### Directions for this task
Retype, exactly and with both ends included, the lines below from the one containing "1) Она вымыла" through the end; omit the pictures.

Start of Input data

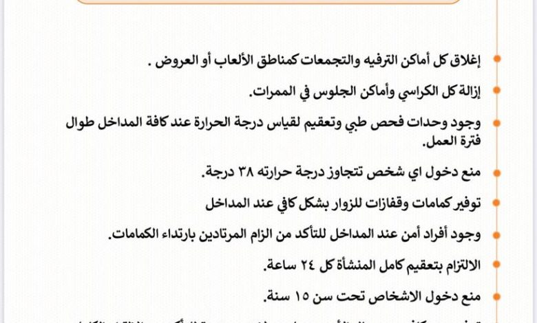 - منع دخول أي شخص تتجاوز درجة حرارته 38 درجة .
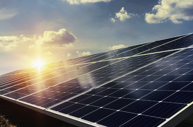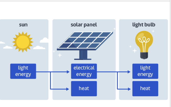 A solar panel transforms** light energy into electrical energy.**
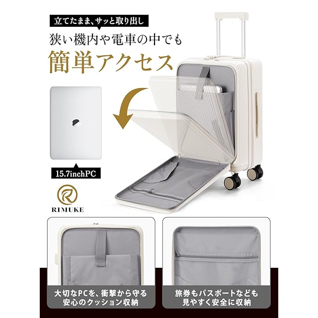 【スーツケース 機内持ち込み・フロントオープン&USB充電ポート付き】立てたまま荷物の出し入れができる便利なフロントオープンスーツケースです。15.6インチまでパソコンやタブレット、パスポートなど荷物に合わせた細かなポケットがあり、旅の途中でも、前ポケットから出したいものを簡単に取り出すことができ、子連れの方やビジネスシーンでも活躍しています。便利なUSB充電ポート付き、場所を選ばずいつでもどこでも移動しながら効率よく充電ができます。
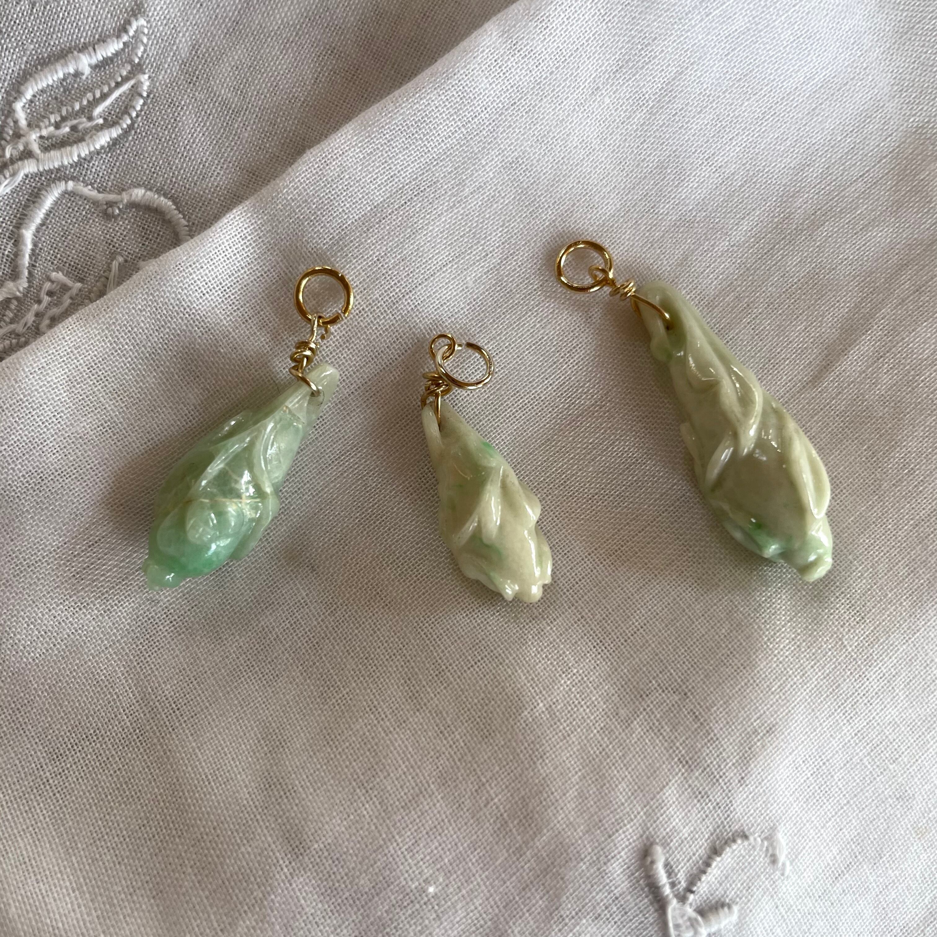 アンティーク翡翠 ペンダントトップ 花模様 小
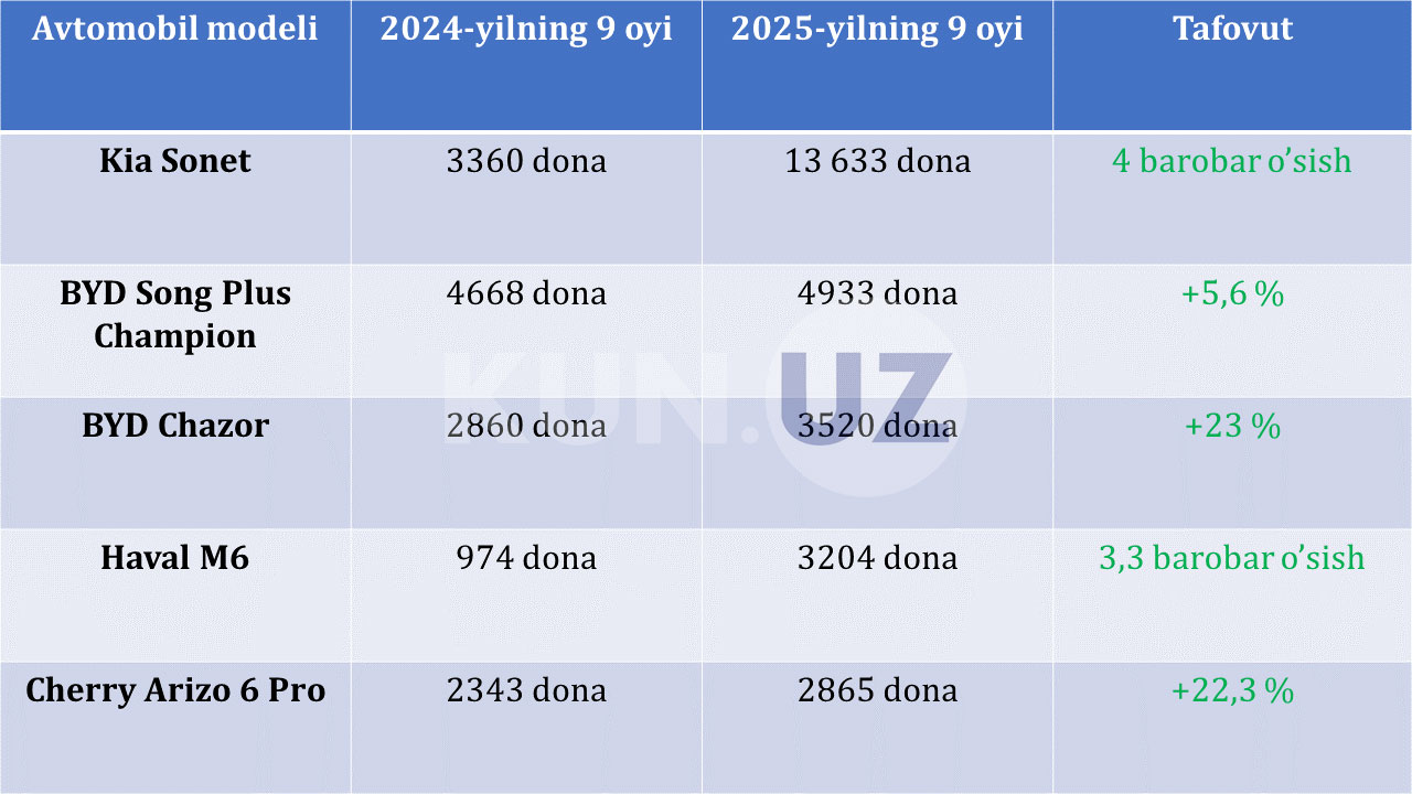2025 yilning 9 oyida UzAuto Motors tomonidan taqdim etilayotgan 10 ta modeldan 7 tasining sotuvlari kamaygan. Hisobot davrida Chevrolet brendiga tegishli bo‘lmagan va eng ko‘p sotilgan avtomobil – Kia Sonet. BYD ham umumiy sotuvlardagi ulushini 3,8 foizdan 5,7 foizgacha oshirgan.
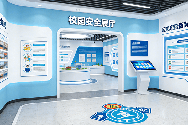 校园安全展厅聚焦校园安全,通过情景模拟与实操互动,普及防欺凌、灾害逃生及急救知识,筑牢校园防线。
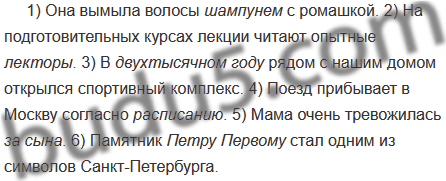 1) Она вымыла волосы (шампунь) с ромашкой. 2) На подготовительных курсах лекции читают опытные (лектор). 3) В (2000 год) рядом с нашим домом открылся спортивный комплекс. 4) Поезд прибывает в Москву согласно (расписание). 5) Мама очень тревожилась (сын). 6) Памятник (Пётр Первый) стал одним из символов Санкт-Петербурга.
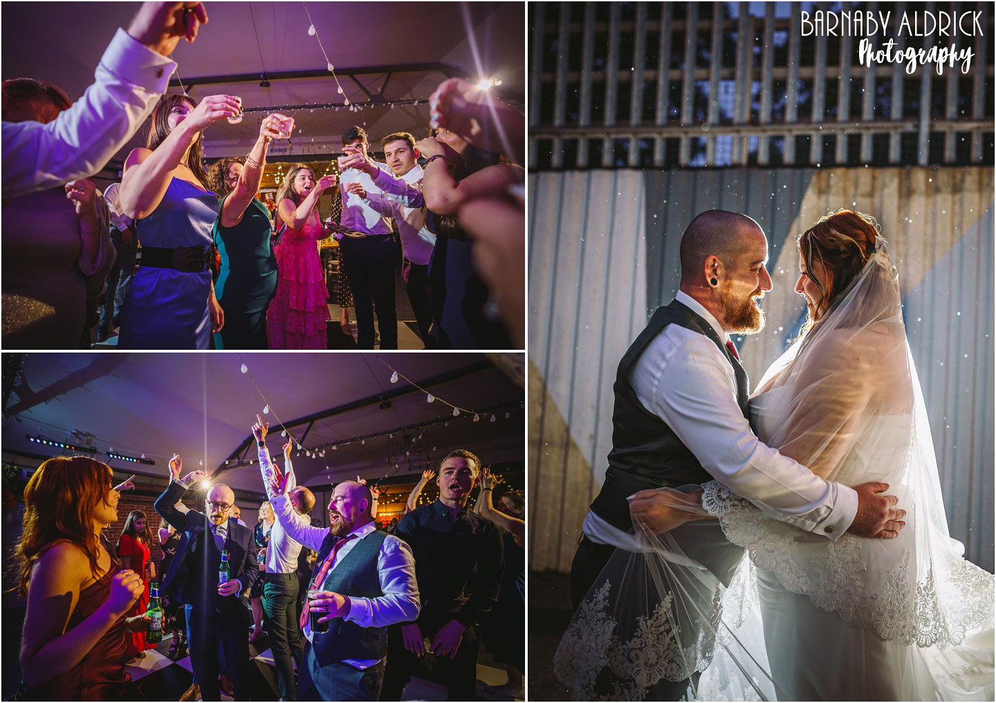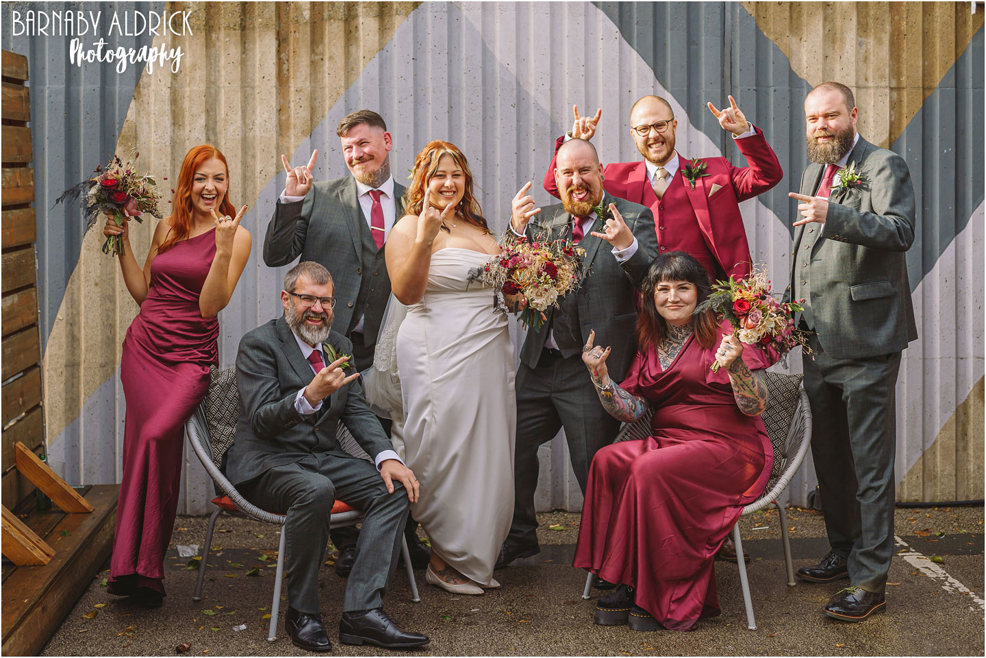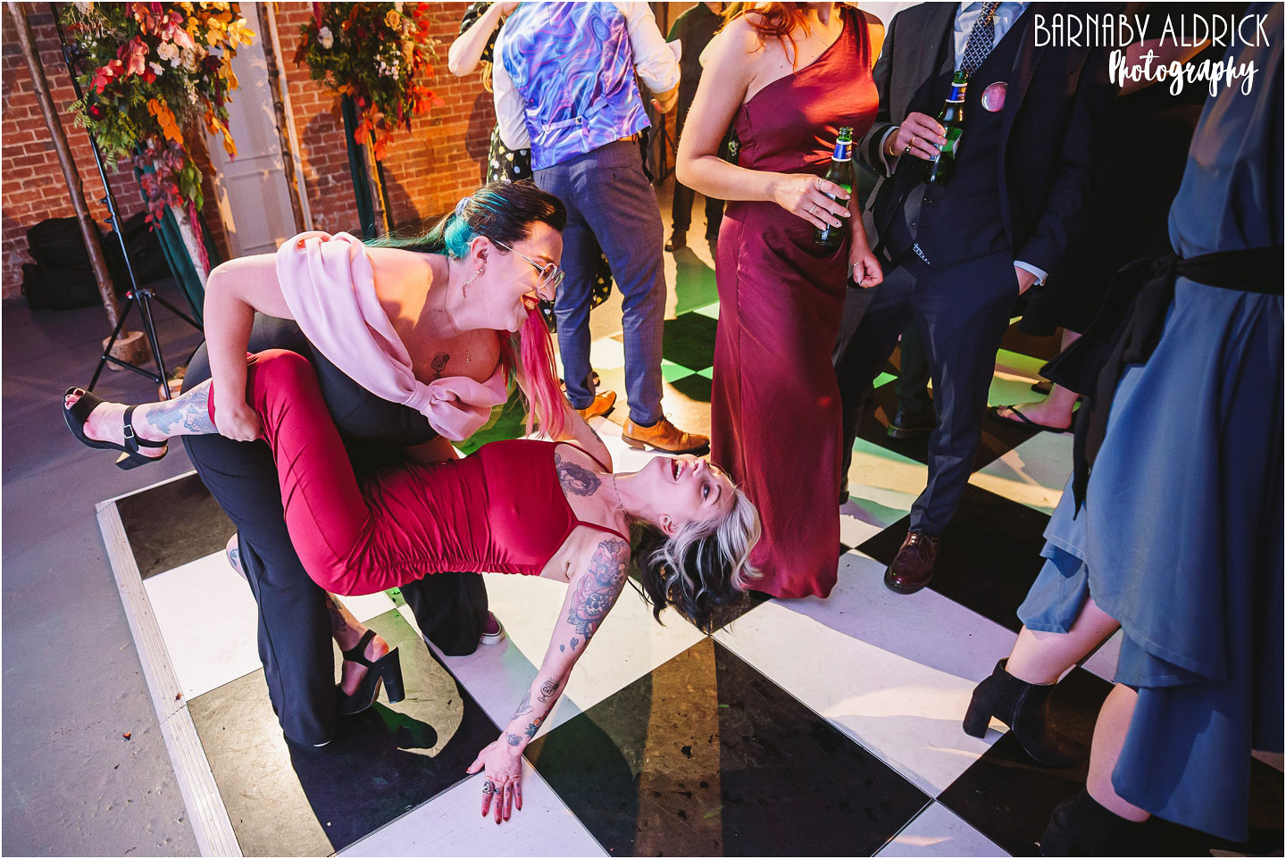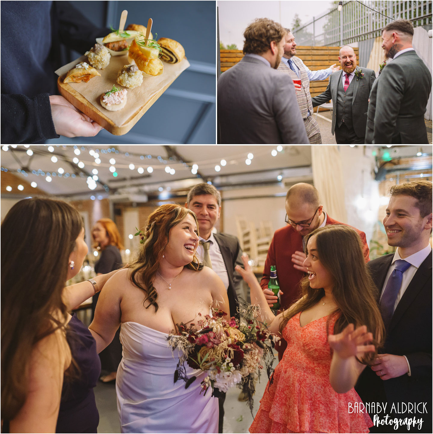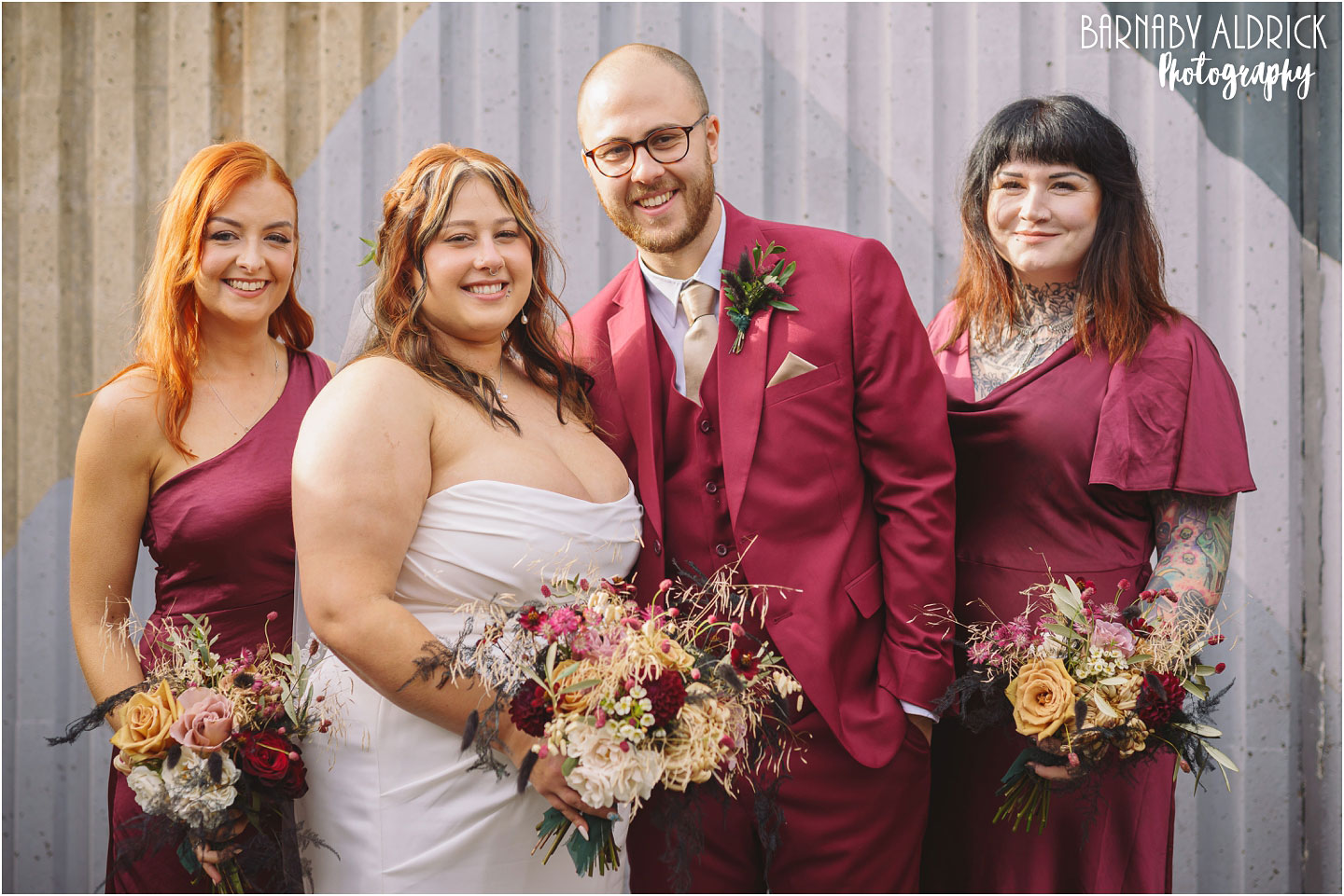 Tattoo’d and beard-centric guests proved great value, doing shots and loving the Photo Booth, and we thankfully managed to get some awesome wedding party pics out against nearby urban mural backdrops!

End of Input data

### Response to this task
 1) Она вымыла волосы (шампунь) с ромашкой. 2) На подготовительных курсах лекции читают опытные (лектор). 3) В (2000 год) рядом с нашим домом открылся спортивный комплекс. 4) Поезд прибывает в Москву согласно (расписание). 5) Мама очень тревожилась (сын). 6) Памятник (Пётр Первый) стал одним из символов Санкт-Петербурга.
 Tattoo’d and beard-centric guests proved great value, doing shots and loving the Photo Booth, and we thankfully managed to get some awesome wedding party pics out against nearby urban mural backdrops!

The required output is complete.